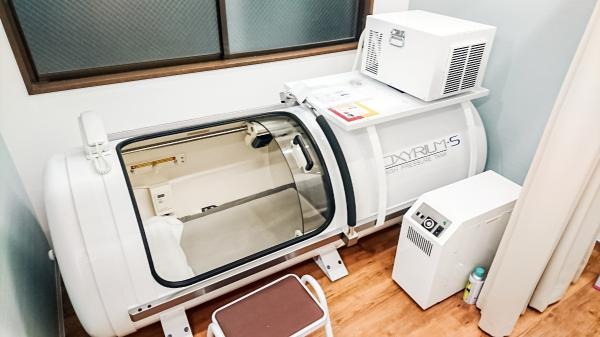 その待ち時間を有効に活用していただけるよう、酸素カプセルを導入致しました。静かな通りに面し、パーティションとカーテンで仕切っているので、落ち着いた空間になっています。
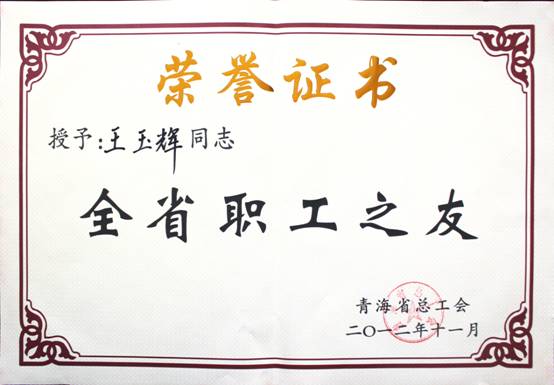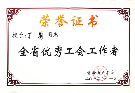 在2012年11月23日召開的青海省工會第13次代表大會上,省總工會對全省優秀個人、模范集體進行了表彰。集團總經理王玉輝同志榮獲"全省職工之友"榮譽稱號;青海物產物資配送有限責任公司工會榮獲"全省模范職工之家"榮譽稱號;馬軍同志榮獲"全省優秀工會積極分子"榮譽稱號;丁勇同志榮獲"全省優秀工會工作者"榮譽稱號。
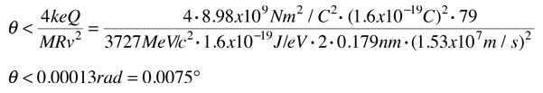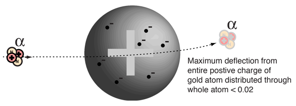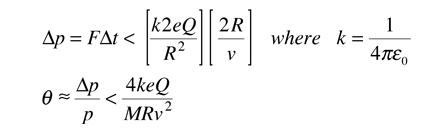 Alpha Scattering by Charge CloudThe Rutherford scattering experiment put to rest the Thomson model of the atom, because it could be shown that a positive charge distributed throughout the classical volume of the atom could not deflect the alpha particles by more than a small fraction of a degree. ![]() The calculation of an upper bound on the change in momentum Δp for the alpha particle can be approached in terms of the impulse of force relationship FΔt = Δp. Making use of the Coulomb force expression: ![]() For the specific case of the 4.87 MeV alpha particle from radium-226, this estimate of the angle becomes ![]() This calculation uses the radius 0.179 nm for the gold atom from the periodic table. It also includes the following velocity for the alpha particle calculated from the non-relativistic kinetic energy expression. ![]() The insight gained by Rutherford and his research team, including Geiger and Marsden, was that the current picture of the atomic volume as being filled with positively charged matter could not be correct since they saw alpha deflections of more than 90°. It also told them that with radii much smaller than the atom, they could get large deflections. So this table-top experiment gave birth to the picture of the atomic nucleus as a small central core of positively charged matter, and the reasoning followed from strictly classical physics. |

**EXERCISE INSTRUCTIONS**.
Produce an exact copy of every line above, with the images left out.

**SOLUTION**.
 その待ち時間を有効に活用していただけるよう、酸素カプセルを導入致しました。静かな通りに面し、パーティションとカーテンで仕切っているので、落ち着いた空間になっています。
 在2012年11月23日召開的青海省工會第13次代表大會上,省總工會對全省優秀個人、模范集體進行了表彰。集團總經理王玉輝同志榮獲"全省職工之友"榮譽稱號;青海物產物資配送有限責任公司工會榮獲"全省模范職工之家"榮譽稱號;馬軍同志榮獲"全省優秀工會積極分子"榮譽稱號;丁勇同志榮獲"全省優秀工會工作者"榮譽稱號。
 Alpha Scattering by Charge CloudThe Rutherford scattering experiment put to rest the Thomson model of the atom, because it could be shown that a positive charge distributed throughout the classical volume of the atom could not deflect the alpha particles by more than a small fraction of a degree. ![]() The calculation of an upper bound on the change in momentum Δp for the alpha particle can be approached in terms of the impulse of force relationship FΔt = Δp. Making use of the Coulomb force expression: ![]() For the specific case of the 4.87 MeV alpha particle from radium-226, this estimate of the angle becomes ![]() This calculation uses the radius 0.179 nm for the gold atom from the periodic table. It also includes the following velocity for the alpha particle calculated from the non-relativistic kinetic energy expression. ![]() The insight gained by Rutherford and his research team, including Geiger and Marsden, was that the current picture of the atomic volume as being filled with positively charged matter could not be correct since they saw alpha deflections of more than 90°. It also told them that with radii much smaller than the atom, they could get large deflections. So this table-top experiment gave birth to the picture of the atomic nucleus as a small central core of positively charged matter, and the reasoning followed from strictly classical physics. |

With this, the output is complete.